■ **Supplied material**:
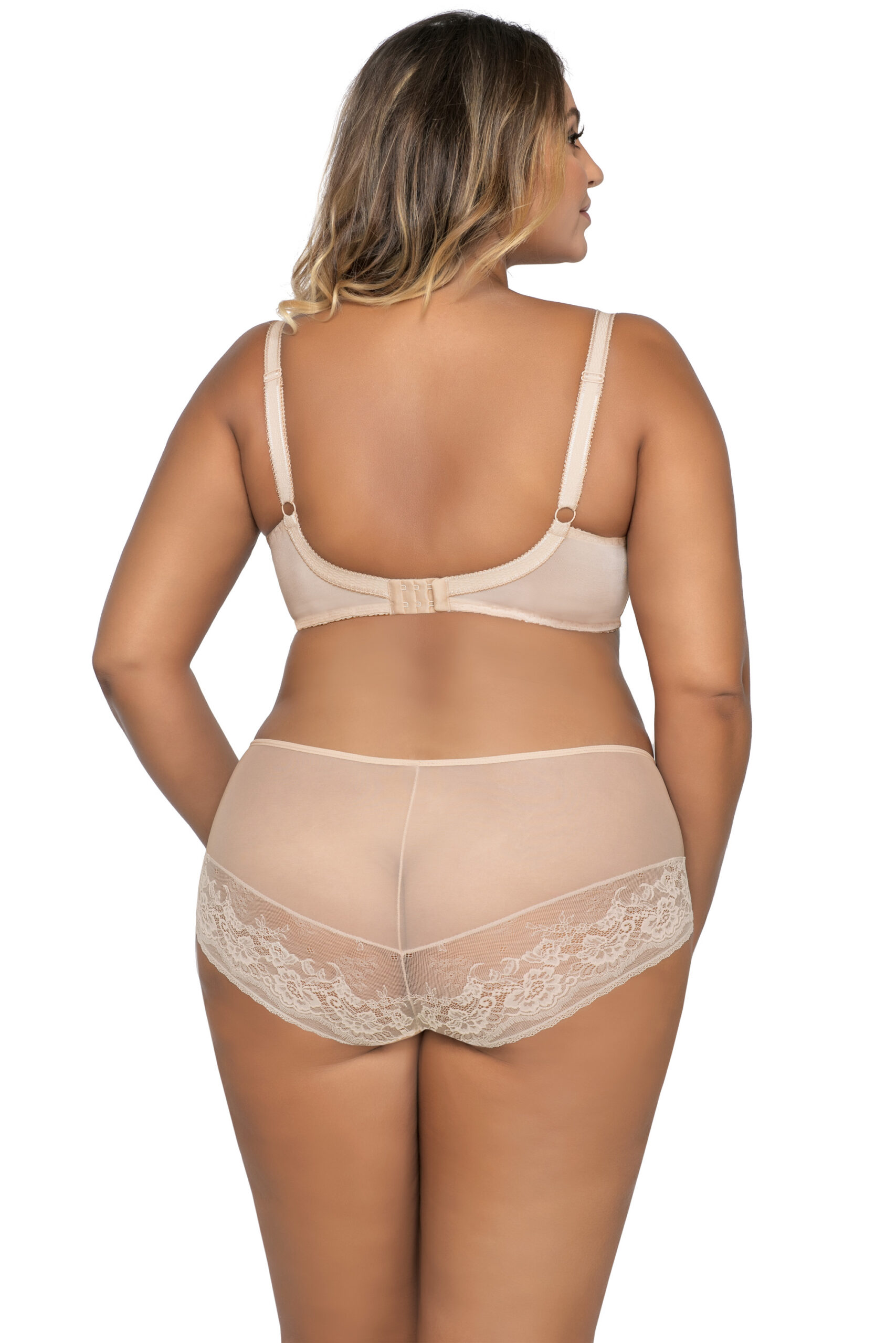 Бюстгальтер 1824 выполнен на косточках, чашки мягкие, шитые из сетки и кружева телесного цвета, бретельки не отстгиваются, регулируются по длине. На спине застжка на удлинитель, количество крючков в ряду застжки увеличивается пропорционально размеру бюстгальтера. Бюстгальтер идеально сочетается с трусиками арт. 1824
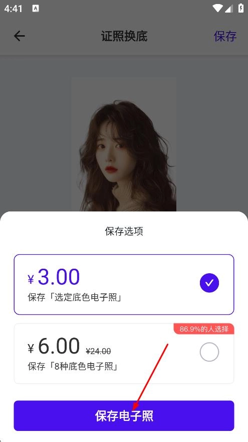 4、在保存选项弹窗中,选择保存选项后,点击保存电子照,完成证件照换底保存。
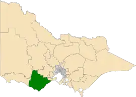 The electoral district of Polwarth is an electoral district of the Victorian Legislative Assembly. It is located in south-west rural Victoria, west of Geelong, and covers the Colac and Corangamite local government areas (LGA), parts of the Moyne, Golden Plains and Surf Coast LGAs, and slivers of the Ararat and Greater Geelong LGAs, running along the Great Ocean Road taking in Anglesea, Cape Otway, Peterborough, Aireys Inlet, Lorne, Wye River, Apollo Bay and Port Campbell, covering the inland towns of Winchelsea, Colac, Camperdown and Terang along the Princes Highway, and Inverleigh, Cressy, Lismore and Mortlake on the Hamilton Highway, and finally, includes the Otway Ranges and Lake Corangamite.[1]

■ **Aim of the exercise**:
Leave out the pictures, and write out all the remaining data above exactly.

■ **Solution to the problem**:
 Бюстгальтер 1824 выполнен на косточках, чашки мягкие, шитые из сетки и кружева телесного цвета, бретельки не отстгиваются, регулируются по длине. На спине застжка на удлинитель, количество крючков в ряду застжки увеличивается пропорционально размеру бюстгальтера. Бюстгальтер идеально сочетается с трусиками арт. 1824
 4、在保存选项弹窗中,选择保存选项后,点击保存电子照,完成证件照换底保存。
 The electoral district of Polwarth is an electoral district of the Victorian Legislative Assembly. It is located in south-west rural Victoria, west of Geelong, and covers the Colac and Corangamite local government areas (LGA), parts of the Moyne, Golden Plains and Surf Coast LGAs, and slivers of the Ararat and Greater Geelong LGAs, running along the Great Ocean Road taking in Anglesea, Cape Otway, Peterborough, Aireys Inlet, Lorne, Wye River, Apollo Bay and Port Campbell, covering the inland towns of Winchelsea, Colac, Camperdown and Terang along the Princes Highway, and Inverleigh, Cressy, Lismore and Mortlake on the Hamilton Highway, and finally, includes the Otway Ranges and Lake Corangamite.[1]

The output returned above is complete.